Critical Hyper-Parameters: No Random, No Cry
Olivier Bousquet, Sylvain Gelly, Karol Kurach, Olivier Teytaud, Damien Vincent
TL;DR
<3-5 sentence high-level summary>Hyperparameter optimization in deep learning is expensive and often parallelized via one-shot strategies. The paper argues that low-discrepancy sequences, especially Scrambled-Hammersley with random shift (S-SH), offer superior dispersion properties and robustness to irrelevant parameters, outperforming grid, random, and LHS in many settings. Theoretical results bind optimization error to dispersion and demonstrate favorable projections onto critical variables, while extensive experiments across language modeling and image classification confirm practical speed-ups and improved hyperparameter choices.

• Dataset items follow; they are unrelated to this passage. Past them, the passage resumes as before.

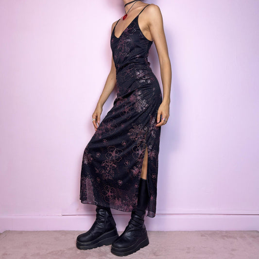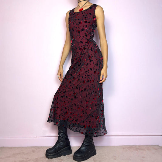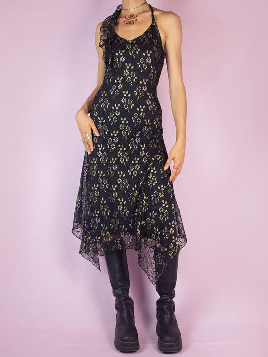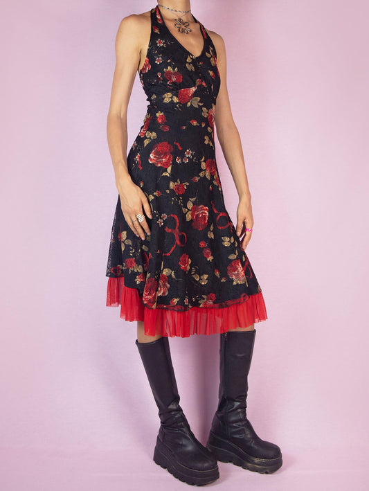 Vintage Y2K Black Halter Lace Rose Print Mesh Midi Dress – Size S
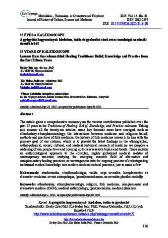 Deáky, Zita and Kis-Halas, Judit and Vámos, Gabriella (2025) A gyógyítás hagyományai: hiedelem, tudás és gyakorlat című rovat tanulságai az elmúlt tizenöt évből. KALEIDOSCOPE: MŰVELŐDÉS- TUDOMÁNY- ÉS ORVOSTÖRTÉNETI FOLYÓIRAT, 15 (31). pp. 126-138. ISSN 2062-2597
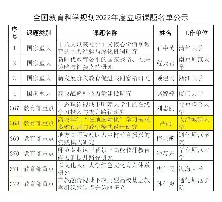 近日,全國教育科學規劃領導小組辦公室公布了2022年度全國教育科學規劃課題立項名單,我校經濟與管理學院教師呂晨申報的《高校學生“在地國際化”學習需求多維識別與教學模式設計研究》獲批立項。此次立項是我校近5年在國家教育科學規劃課題上再次取得的突破。

The approach also serves effectively as a strong initialization for Bayesian optimization, suggesting a simple, drop-in replacement for standard HP search in DL pipelines.
Abstract
The selection of hyper-parameters is critical in Deep Learning. Because of the long training time of complex models and the availability of compute resources in the cloud, "one-shot" optimization schemes - where the sets of hyper-parameters are selected in advance (e.g. on a grid or in a random manner) and the training is executed in parallel - are commonly used. It is known that grid search is sub-optimal, especially when only a few critical parameters matter, and suggest to use random search instead. Yet, random search can be "unlucky" and produce sets of values that leave some part of the domain unexplored. Quasi-random methods, such as Low Discrepancy Sequences (LDS) avoid these issues. We show that such methods have theoretical properties that make them appealing for performing hyperparameter search, and demonstrate that, when applied to the selection of hyperparameters of complex Deep Learning models (such as state-of-the-art LSTM language models and image classification models), they yield suitable hyperparameters values with much fewer runs than random search. We propose a particularly simple LDS method which can be used as a drop-in replacement for grid or random search in any Deep Learning pipeline, both as a fully one-shot hyperparameter search or as an initializer in iterative batch optimization.